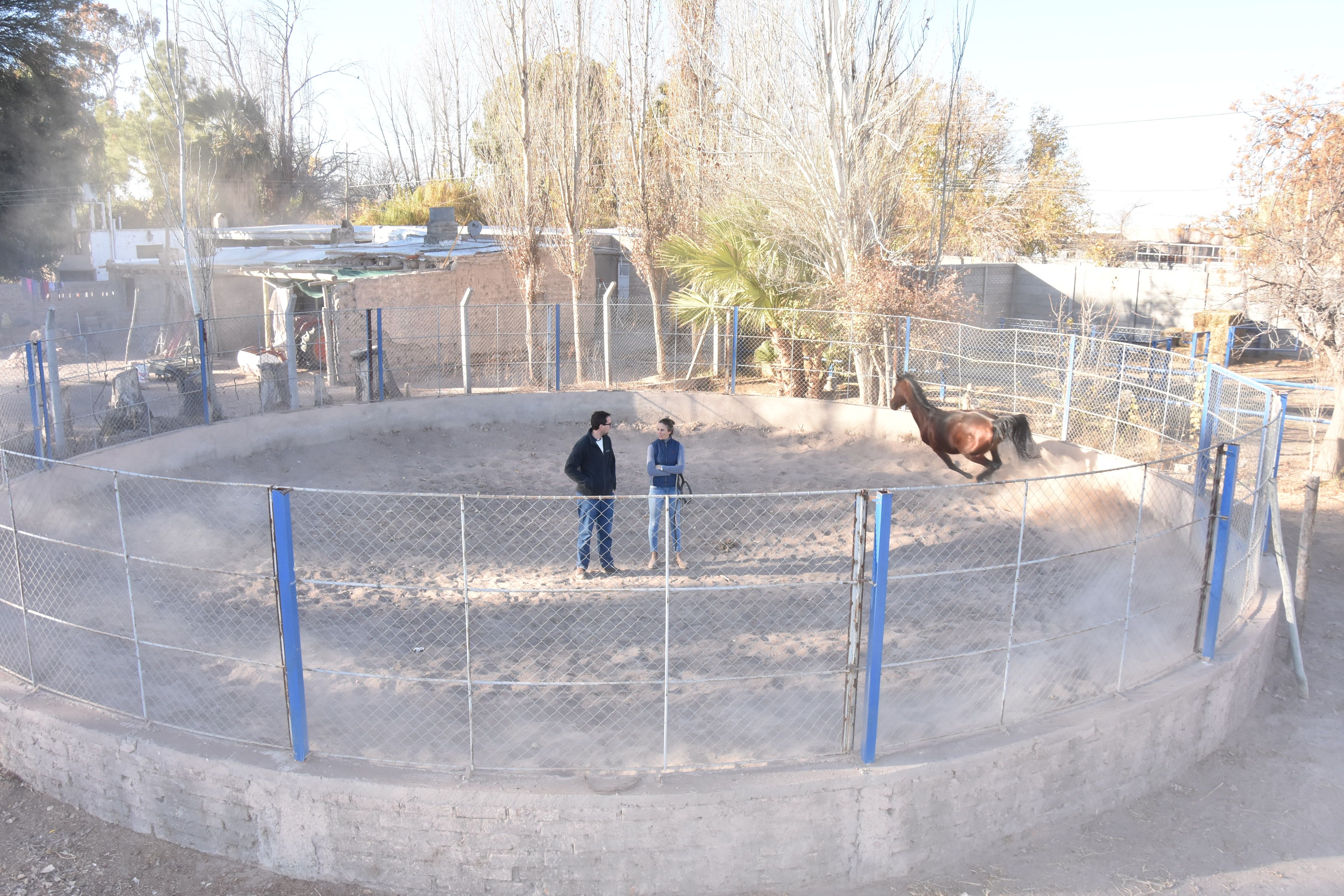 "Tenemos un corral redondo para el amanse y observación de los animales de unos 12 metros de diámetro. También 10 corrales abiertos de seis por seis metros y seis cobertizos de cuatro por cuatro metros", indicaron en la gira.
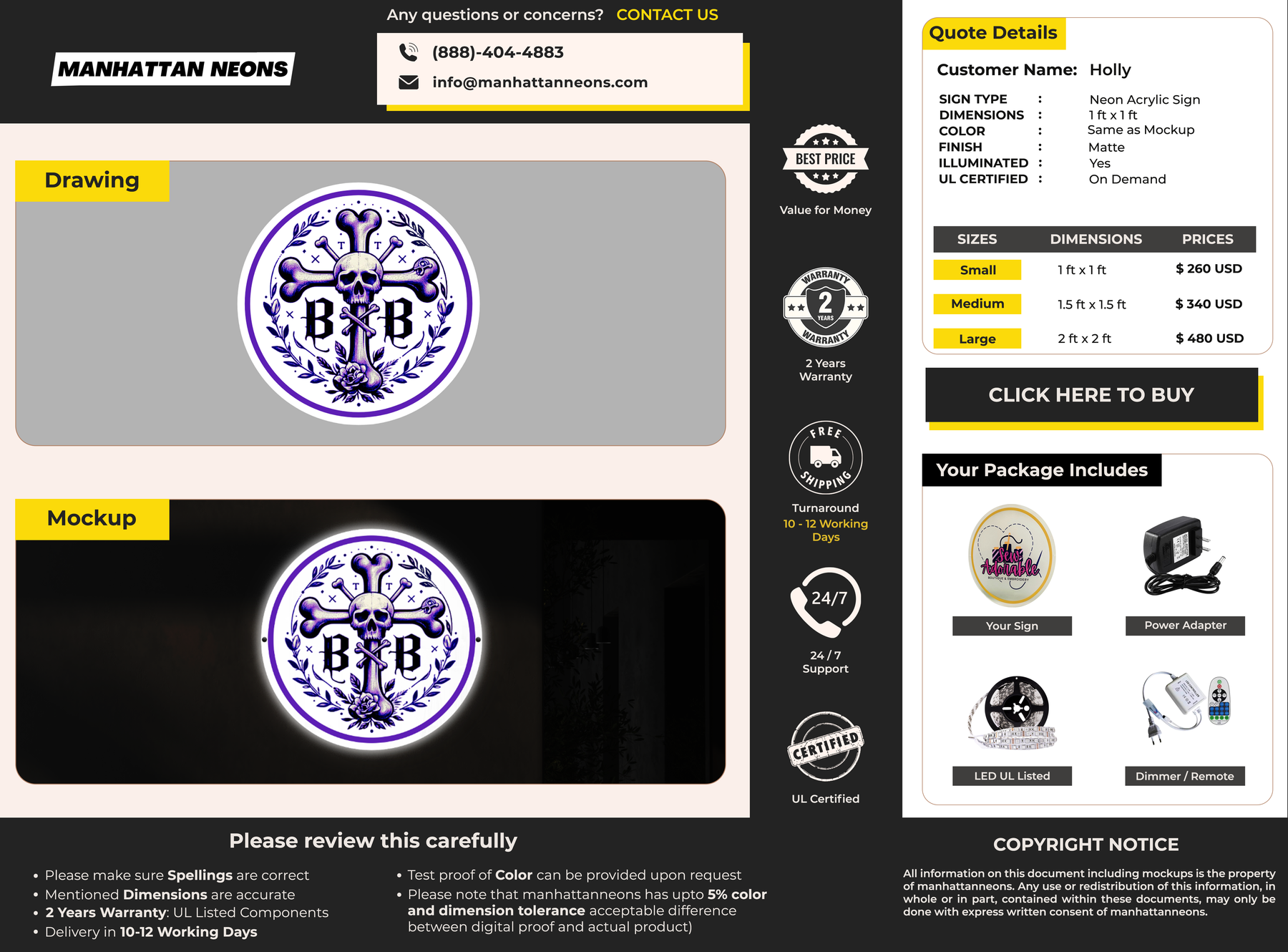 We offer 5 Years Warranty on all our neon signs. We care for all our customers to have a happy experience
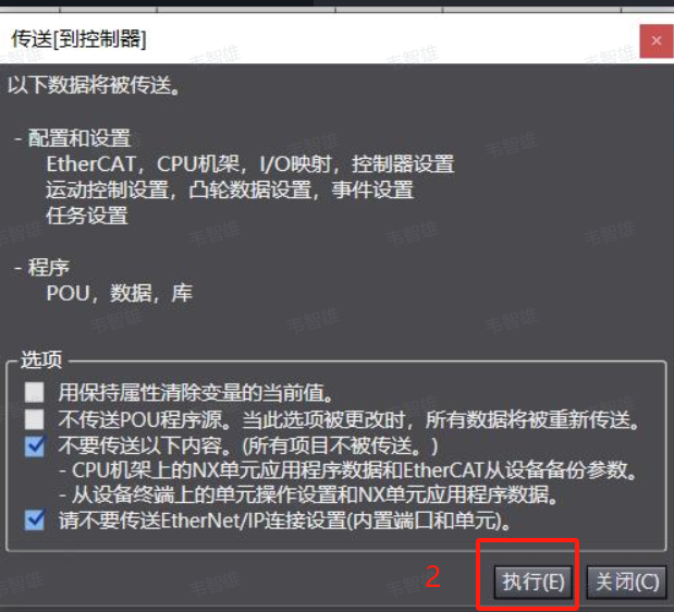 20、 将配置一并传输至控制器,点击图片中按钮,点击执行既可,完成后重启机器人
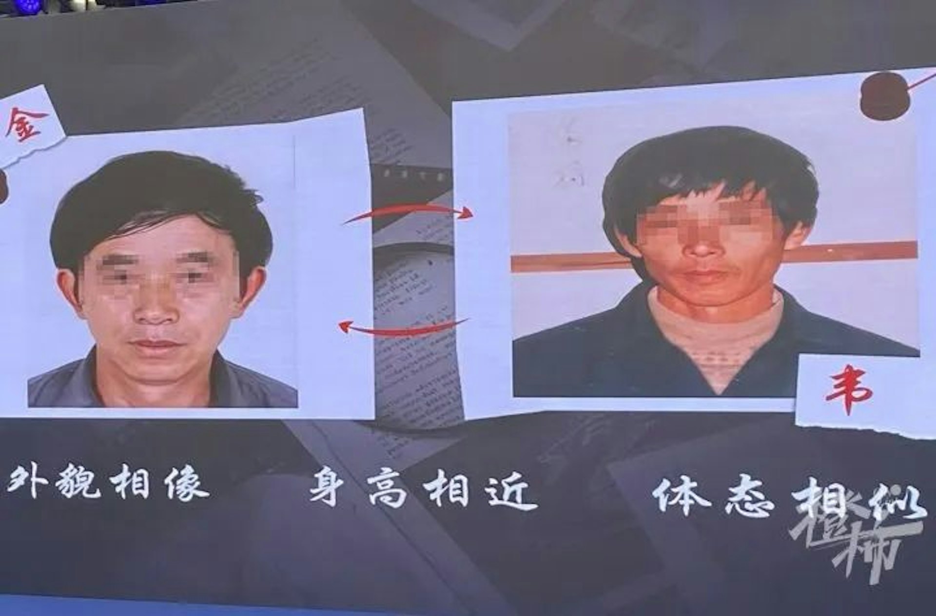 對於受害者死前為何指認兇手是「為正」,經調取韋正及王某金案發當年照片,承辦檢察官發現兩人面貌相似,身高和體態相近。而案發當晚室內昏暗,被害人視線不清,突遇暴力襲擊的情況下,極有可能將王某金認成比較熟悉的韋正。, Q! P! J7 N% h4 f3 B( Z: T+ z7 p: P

==

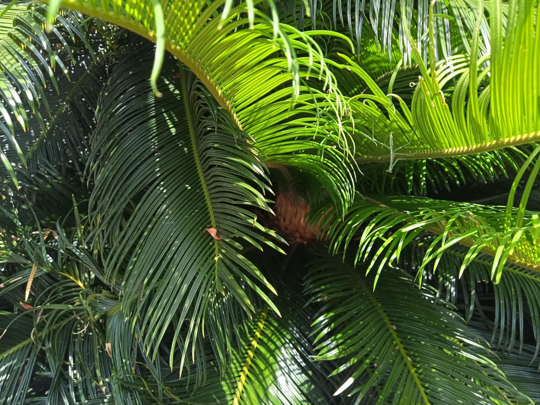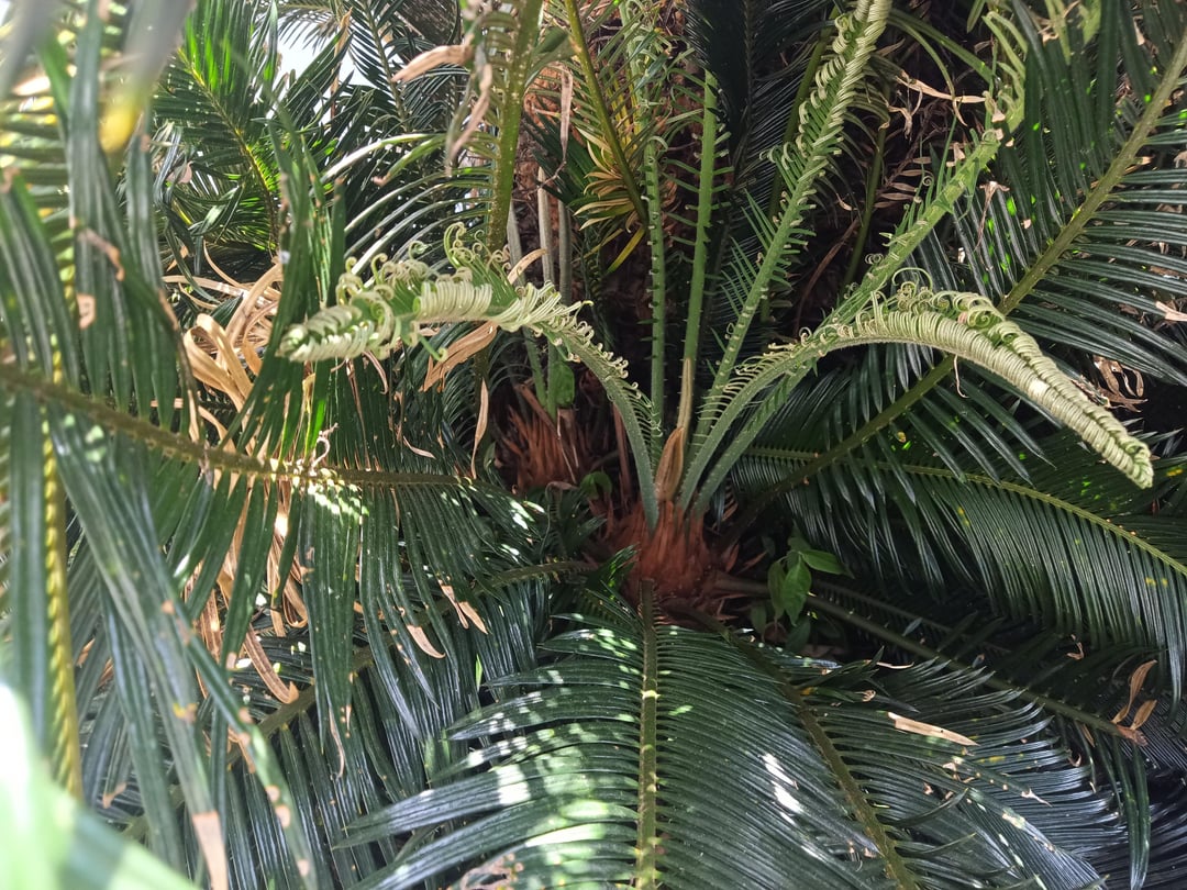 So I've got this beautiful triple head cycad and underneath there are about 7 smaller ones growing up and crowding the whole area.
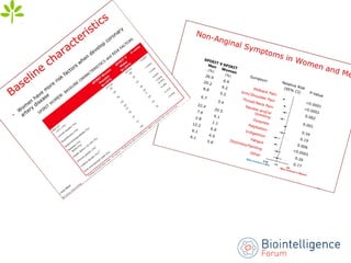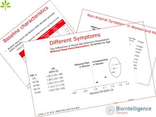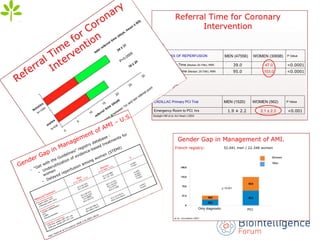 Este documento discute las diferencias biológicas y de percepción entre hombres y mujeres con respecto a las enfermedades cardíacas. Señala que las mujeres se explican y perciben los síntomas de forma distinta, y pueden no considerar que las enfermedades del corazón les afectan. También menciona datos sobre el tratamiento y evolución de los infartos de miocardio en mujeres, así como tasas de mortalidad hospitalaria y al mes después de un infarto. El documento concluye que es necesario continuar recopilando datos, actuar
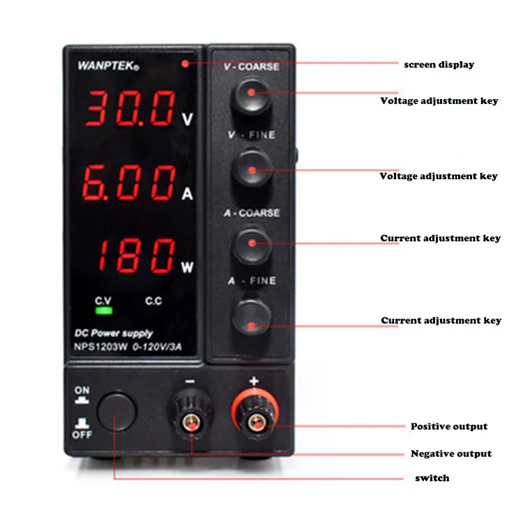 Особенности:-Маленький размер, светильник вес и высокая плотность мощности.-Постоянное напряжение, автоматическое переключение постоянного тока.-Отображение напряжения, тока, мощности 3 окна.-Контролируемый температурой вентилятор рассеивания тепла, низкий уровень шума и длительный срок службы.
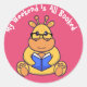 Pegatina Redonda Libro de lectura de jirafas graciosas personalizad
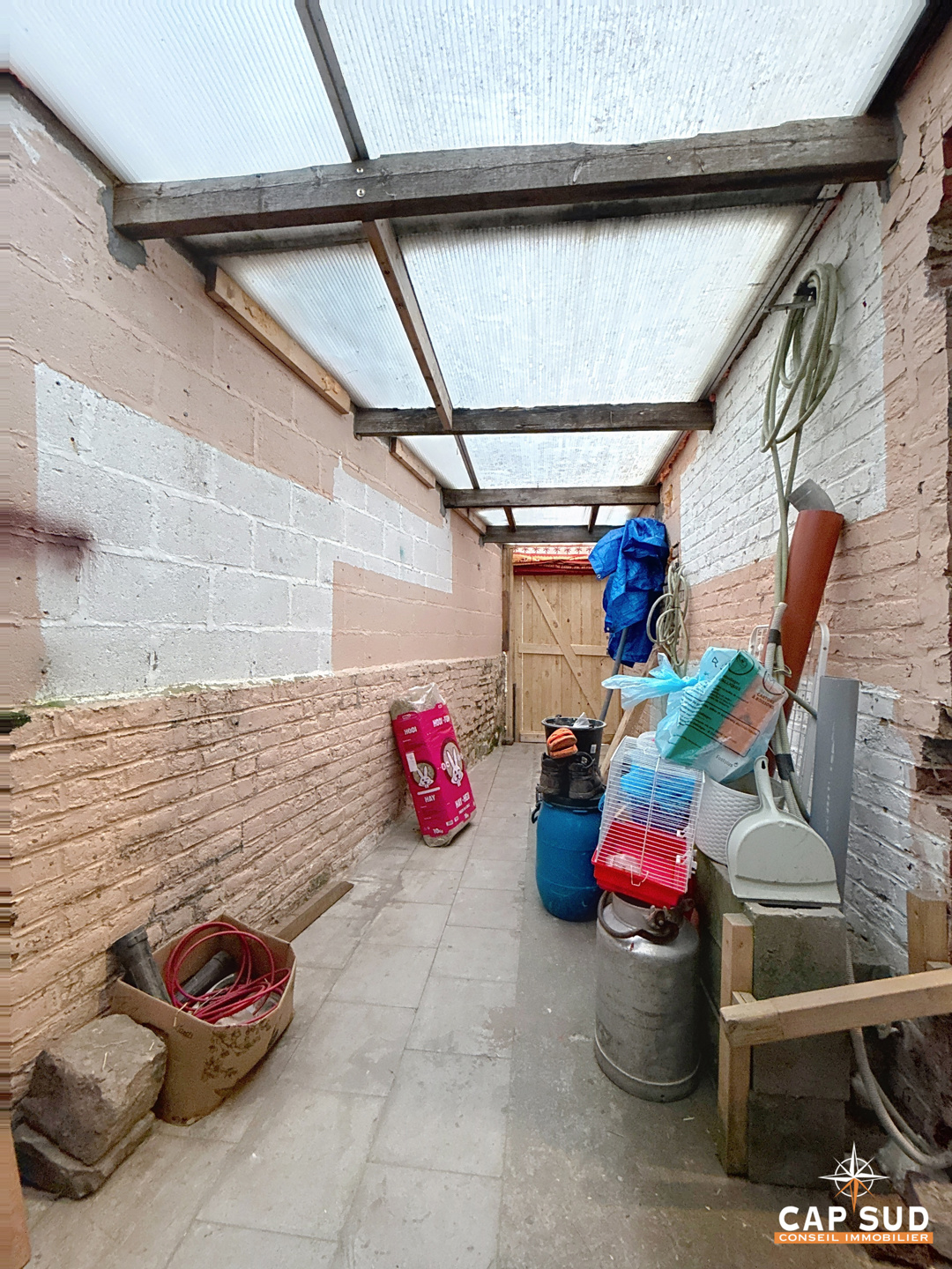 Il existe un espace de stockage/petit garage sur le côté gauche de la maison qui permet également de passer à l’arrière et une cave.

==

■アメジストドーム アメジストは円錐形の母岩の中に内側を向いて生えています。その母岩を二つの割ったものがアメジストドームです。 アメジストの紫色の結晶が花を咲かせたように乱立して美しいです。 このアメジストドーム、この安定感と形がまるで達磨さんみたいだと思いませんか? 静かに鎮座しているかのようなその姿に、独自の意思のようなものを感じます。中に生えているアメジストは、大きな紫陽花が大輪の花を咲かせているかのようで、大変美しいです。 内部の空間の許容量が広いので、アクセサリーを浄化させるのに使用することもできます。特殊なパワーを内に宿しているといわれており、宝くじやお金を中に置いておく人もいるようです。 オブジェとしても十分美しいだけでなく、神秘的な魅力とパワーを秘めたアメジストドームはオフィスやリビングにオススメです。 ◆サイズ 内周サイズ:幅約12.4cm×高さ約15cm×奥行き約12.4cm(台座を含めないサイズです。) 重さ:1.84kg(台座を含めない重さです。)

REQUIREMENT: Everything above from the line with "en la gira." through the line with "20、 将配置一并传输至控制器,点击图片中按钮,点击执行既可,完成后重启机器人" should be retyped exactly, and nothing else; omit pictures.

EXERCISE RESPONSE:
 "Tenemos un corral redondo para el amanse y observación de los animales de unos 12 metros de diámetro. También 10 corrales abiertos de seis por seis metros y seis cobertizos de cuatro por cuatro metros", indicaron en la gira.
 We offer 5 Years Warranty on all our neon signs. We care for all our customers to have a happy experience
 20、 将配置一并传输至控制器,点击图片中按钮,点击执行既可,完成后重启机器人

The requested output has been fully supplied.